К ним приближаются Александров и Орлова. Режиссер бережно ведет актрису под ручку, они воркуют о чем-то, вполне возможно, что и о работе, потому что в руках Любочки раскрытый сценарий. Но, несмотря на занятость творческим процессом, Орлова замечает Бабеля и тащит Александрова к гостям, очаровательно улыбается им:

– Добрый день! Леонид, познакомьте же нас!

Утесов говорит с напускным равнодушием:

– Ну, это писатель, может, слышали – Бабель. И Тоня.
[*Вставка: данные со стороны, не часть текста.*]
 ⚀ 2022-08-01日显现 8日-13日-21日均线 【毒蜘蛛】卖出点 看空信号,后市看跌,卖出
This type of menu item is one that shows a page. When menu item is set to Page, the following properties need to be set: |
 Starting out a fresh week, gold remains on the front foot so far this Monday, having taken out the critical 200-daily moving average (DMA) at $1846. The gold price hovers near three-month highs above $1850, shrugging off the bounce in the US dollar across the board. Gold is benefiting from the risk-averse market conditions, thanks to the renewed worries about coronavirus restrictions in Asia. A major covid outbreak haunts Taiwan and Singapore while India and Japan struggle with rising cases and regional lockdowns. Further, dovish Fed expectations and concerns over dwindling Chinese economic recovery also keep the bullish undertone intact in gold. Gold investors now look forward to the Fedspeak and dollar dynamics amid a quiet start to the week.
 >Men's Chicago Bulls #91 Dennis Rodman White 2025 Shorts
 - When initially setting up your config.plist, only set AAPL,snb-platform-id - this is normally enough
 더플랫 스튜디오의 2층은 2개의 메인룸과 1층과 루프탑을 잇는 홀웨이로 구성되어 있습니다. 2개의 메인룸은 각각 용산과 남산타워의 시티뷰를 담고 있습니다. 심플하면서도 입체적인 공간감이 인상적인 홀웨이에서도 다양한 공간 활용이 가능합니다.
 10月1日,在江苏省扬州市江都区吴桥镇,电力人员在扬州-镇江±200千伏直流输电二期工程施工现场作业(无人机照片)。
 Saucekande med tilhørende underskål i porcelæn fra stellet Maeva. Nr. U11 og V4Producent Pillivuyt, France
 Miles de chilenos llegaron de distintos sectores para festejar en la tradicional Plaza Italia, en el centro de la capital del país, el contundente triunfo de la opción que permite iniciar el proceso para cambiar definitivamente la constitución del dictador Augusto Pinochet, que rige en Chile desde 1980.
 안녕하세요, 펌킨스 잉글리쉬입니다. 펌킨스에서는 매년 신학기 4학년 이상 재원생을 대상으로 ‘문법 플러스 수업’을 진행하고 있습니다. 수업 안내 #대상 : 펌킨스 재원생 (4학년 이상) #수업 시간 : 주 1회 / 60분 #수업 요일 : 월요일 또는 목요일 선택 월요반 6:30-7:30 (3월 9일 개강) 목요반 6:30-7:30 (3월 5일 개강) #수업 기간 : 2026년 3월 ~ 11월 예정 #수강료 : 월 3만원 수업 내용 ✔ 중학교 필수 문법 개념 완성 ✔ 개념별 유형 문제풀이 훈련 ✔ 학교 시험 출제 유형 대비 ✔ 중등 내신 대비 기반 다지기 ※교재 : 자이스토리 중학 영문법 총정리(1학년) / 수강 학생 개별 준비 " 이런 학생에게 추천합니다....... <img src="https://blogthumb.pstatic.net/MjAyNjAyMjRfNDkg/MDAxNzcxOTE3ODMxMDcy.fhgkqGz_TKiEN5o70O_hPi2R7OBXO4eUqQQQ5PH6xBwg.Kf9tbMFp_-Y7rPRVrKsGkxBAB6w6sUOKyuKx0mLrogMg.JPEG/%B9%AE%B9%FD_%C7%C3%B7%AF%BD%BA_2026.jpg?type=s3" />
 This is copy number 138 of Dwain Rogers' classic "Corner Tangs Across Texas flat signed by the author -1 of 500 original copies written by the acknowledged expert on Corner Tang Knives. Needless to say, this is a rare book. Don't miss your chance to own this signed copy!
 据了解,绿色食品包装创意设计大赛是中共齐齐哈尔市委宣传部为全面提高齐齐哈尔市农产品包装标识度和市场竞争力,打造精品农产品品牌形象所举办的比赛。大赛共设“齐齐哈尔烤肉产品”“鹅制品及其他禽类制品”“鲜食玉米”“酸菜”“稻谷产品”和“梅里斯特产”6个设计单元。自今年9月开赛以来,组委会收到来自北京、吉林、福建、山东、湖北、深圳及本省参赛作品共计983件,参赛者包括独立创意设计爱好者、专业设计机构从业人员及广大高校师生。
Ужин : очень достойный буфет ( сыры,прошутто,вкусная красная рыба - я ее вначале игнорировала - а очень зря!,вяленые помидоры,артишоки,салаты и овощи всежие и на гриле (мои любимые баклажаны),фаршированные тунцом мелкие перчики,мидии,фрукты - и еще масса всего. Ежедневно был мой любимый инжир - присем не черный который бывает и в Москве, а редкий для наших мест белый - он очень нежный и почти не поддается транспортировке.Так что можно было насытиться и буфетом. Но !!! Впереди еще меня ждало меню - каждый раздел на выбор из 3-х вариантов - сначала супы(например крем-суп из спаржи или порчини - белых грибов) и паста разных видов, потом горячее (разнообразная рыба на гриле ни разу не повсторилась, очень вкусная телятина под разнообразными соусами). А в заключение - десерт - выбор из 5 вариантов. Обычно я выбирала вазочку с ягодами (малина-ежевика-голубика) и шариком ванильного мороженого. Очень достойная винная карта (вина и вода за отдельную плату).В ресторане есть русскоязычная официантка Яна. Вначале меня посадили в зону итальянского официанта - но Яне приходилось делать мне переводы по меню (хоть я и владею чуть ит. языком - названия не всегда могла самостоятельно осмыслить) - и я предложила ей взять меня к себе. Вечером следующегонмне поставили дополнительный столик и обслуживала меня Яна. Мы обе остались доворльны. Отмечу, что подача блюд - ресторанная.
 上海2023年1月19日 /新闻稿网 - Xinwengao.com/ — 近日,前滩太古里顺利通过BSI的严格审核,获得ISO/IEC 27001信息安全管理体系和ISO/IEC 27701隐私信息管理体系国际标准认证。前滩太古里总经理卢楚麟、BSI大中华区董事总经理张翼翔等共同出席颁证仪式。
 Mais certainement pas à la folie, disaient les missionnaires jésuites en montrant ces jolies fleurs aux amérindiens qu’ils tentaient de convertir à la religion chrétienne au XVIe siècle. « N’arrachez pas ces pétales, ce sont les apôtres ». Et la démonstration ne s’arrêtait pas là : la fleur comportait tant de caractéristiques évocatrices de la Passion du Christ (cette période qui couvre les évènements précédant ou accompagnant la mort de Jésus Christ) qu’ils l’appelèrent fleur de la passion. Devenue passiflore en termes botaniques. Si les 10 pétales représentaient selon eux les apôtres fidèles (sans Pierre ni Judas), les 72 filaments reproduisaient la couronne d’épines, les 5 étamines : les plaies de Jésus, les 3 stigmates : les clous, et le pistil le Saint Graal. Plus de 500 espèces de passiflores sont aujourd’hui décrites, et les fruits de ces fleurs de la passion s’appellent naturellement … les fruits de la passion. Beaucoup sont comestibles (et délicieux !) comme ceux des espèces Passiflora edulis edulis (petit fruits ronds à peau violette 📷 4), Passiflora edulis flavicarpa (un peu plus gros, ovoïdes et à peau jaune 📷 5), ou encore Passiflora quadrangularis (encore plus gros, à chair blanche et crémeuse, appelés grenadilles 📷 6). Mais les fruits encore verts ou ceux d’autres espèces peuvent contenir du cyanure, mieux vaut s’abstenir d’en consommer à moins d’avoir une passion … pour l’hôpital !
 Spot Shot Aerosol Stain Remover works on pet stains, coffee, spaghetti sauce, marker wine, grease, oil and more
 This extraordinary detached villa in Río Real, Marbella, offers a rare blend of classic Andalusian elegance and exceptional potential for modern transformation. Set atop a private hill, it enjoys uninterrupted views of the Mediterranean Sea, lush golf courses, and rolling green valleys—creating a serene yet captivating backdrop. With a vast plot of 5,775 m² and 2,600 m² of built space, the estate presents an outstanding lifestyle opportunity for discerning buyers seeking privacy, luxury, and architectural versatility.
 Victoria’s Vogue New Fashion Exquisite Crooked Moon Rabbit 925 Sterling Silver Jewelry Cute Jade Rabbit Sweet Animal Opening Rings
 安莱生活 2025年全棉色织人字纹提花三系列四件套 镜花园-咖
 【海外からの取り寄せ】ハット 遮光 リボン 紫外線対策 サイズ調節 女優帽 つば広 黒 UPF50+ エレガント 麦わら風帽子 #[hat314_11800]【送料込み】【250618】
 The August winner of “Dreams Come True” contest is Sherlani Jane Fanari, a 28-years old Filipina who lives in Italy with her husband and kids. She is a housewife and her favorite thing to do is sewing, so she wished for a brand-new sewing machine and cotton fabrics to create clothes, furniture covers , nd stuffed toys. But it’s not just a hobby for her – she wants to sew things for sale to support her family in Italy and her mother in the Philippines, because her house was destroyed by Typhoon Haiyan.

Пирожкова.

– Очень приятно! – хором восклицают режиссер и актриса.

Утесов переходит на возвышенный тон:

– А это – великий режиссер Григорий Васильевич Александров! Почти Эйзенштейн! И не менее великая актриса Любовь Петровна Орлова! Звезда! Восходящая! Даже – взлетающая!

Орлова, уловив издевку, обиженно хлопает глазками. Александров пытается сменить тему:

– Как продвигается ваш фильм про Беню Крика с моим учителем – Сергеем Эйзенштейном?

– Да никак не продвигается, – машет рукой Бабель. – Я бы даже сказал, задвигается – все глубже и глубже!

Понимая, что и эта тема заводит в тупик, Александров быстренько сворачивает беседу:

– Ну, надеюсь, увидимся за ужином. А сейчас – извините, нам с Любочкой необходимо репетировать…

Орлова демонстративно берет режиссера под руку:

– Да, пойдемте, Гришенька!

Они уходят. Утесов кривляется им вслед:

– Ах, Гришенька, ох, Любочка, нам нужно репетировать!

– Что вы злитесь, как мальчишка? – улыбается Тоня. – Обычное дело: у режиссера с актрисой – роман.

– Да хоть сто романов! – восклицает Утесов. – И пусть репетируют хоть до упаду! Но мадам съедает всю мою пленку!

– Как… съедает?

– С аппетитом!

Утесов изливает Бабелю и Тоне всю свою израненную несправедливостью душу. Оказывается, сценарий, написанный под впечатлением программы «Музыкальный магазин» специально для Утесова, был про пастуха Костю, который становится звездой эстрады. А режиссер под впечатлением любовного романа с актрисой снимает кино про домработницу Анюту, которая становится еще большей звездой. А две звезды в одном фильме – это уже чересчур.

Пирожкова дружески треплет соломенный чуб Утесова:

– Бедный юноша!

Но тут же рядом материализуется гримерша Раиса:

– Не трогать! Не сметь прикасаться к артисту!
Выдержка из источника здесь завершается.